▶ _Dataset content_:
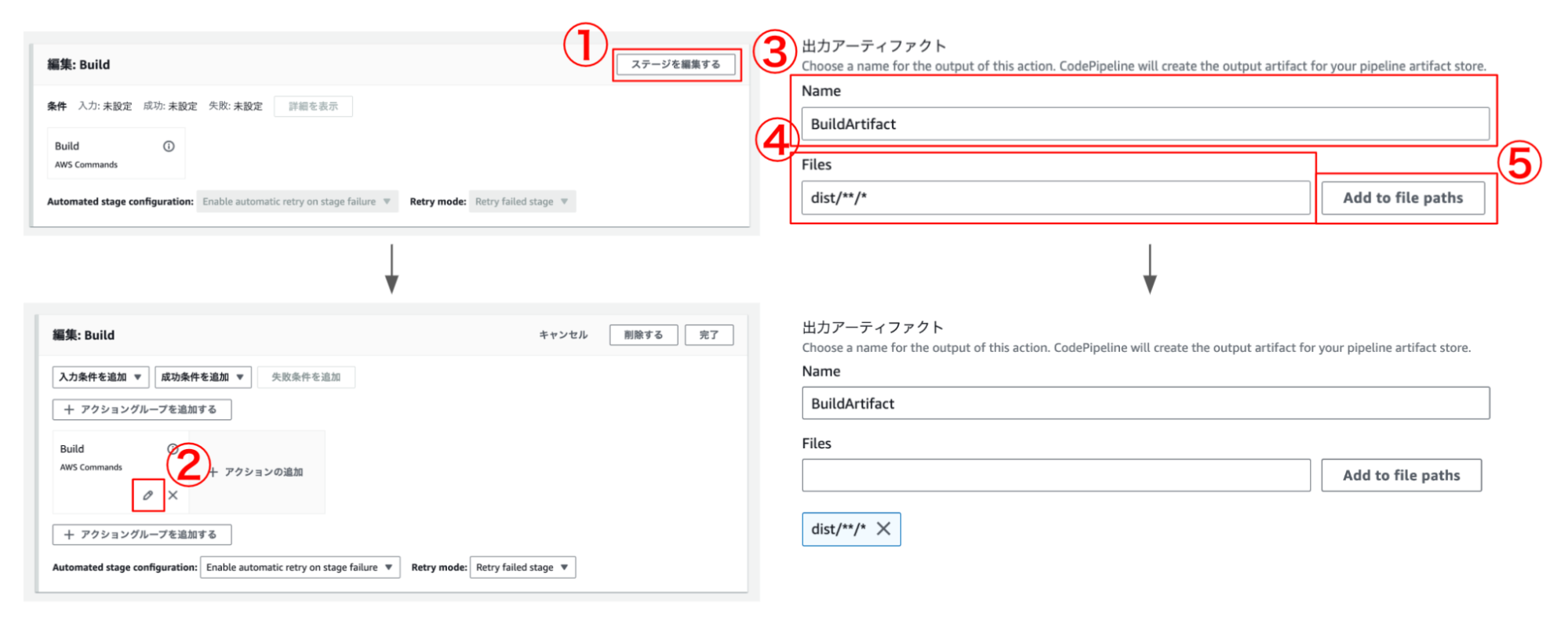 出力アーティファクトに「BuildArtifact」を設定し、FilesにAstroでビルドファイルが保存されるディレクトリ配下「dist/**/*」を指定して、「Add to file paths」を押します。
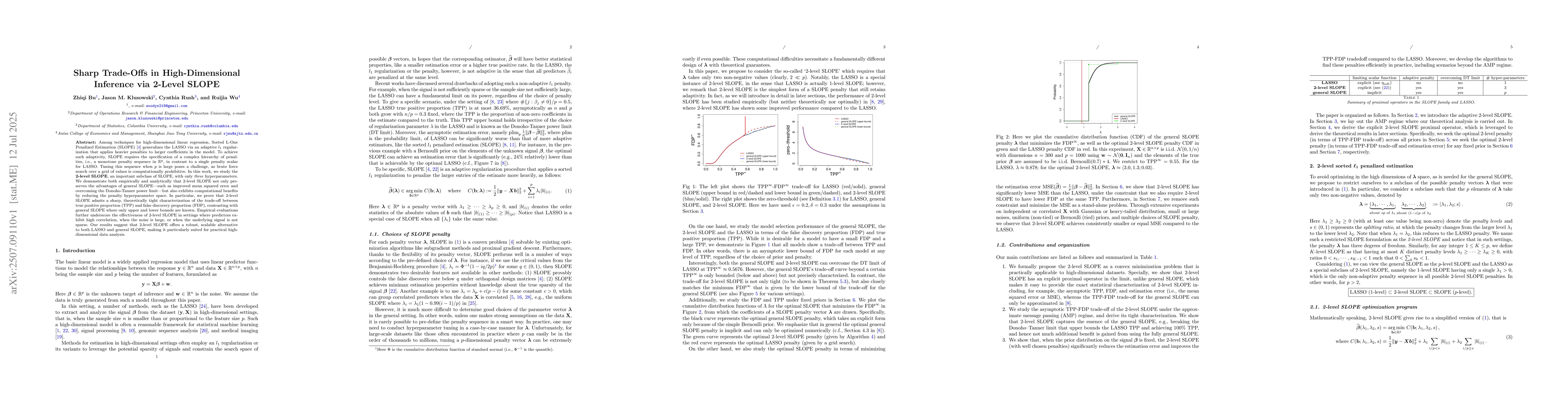 Among techniques for high-dimensional linear regression, Sorted L-One Penalized Estimation (SLOPE) generalizes the LASSO via an adaptive $l_1$ regularization that applies heavier penalties to larger coefficients in the model. To achieve such adaptivity, SLOPE requires the specification of a complex hierarchy of penalties, i.e., a monotone penalty sequence in $R^p$, in contrast to a single penalty scalar for LASSO. Tuning this sequence when $p$ is large poses a challenge, as brute force search over a grid of values is computationally prohibitive. In this work, we study the 2-level SLOPE, an important subclass of SLOPE, with only three hyperparameters. We demonstrate both empirically and analytically that 2-level SLOPE not only preserves the advantages of general SLOPE -- such as improved mean squared error and overcoming the Donoho-Tanner power limit -- but also exhibits computational benefits by reducing the penalty hyperparameter space. In particular, we prove that 2-level SLOPE admits a sharp, theoretically tight characterization of the trade-off between true positive proportion (TPP) and false discovery proportion (FDP), contrasting with general SLOPE where only upper and lower bounds are known. Empirical evaluations further underscore the effectiveness of 2-level SLOPE in settings where predictors exhibit high correlation, when the noise is large, or when the underlying signal is not sparse. Our results suggest that 2-level SLOPE offers a robust, scalable alternative to both LASSO and general SLOPE, making it particularly suited for practical high-dimensional data analysis.
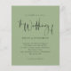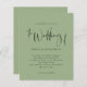 Script Sage Green Wedding Invitation A budget price SMALLER 4.5” x 5.6” alternative. Available in a SEMI-GLOSS 110 lb CARD STOCK which is the default option (thicker for invitations), OR a SATIN FINISH 80 lb THINNER PAPER STOCK (ideal for enclosures). Envelopes are an optional extra and are slightly larger than the card size. This elegant design has a stylish set typography in black for the main heading the Wedding Of on a Sage green background. The rest of the text you can easily personalise.

▶ _The problem_: Give exactly those lines of the listing that run from its first line through the line with "Among techniques for", leaving each picture out.

▶ _Answer to the exercise_:
 出力アーティファクトに「BuildArtifact」を設定し、FilesにAstroでビルドファイルが保存されるディレクトリ配下「dist/**/*」を指定して、「Add to file paths」を押します。
 Among techniques for high-dimensional linear regression, Sorted L-One Penalized Estimation (SLOPE) generalizes the LASSO via an adaptive $l_1$ regularization that applies heavier penalties to larger coefficients in the model. To achieve such adaptivity, SLOPE requires the specification of a complex hierarchy of penalties, i.e., a monotone penalty sequence in $R^p$, in contrast to a single penalty scalar for LASSO. Tuning this sequence when $p$ is large poses a challenge, as brute force search over a grid of values is computationally prohibitive. In this work, we study the 2-level SLOPE, an important subclass of SLOPE, with only three hyperparameters. We demonstrate both empirically and analytically that 2-level SLOPE not only preserves the advantages of general SLOPE -- such as improved mean squared error and overcoming the Donoho-Tanner power limit -- but also exhibits computational benefits by reducing the penalty hyperparameter space. In particular, we prove that 2-level SLOPE admits a sharp, theoretically tight characterization of the trade-off between true positive proportion (TPP) and false discovery proportion (FDP), contrasting with general SLOPE where only upper and lower bounds are known. Empirical evaluations further underscore the effectiveness of 2-level SLOPE in settings where predictors exhibit high correlation, when the noise is large, or when the underlying signal is not sparse. Our results suggest that 2-level SLOPE offers a robust, scalable alternative to both LASSO and general SLOPE, making it particularly suited for practical high-dimensional data analysis.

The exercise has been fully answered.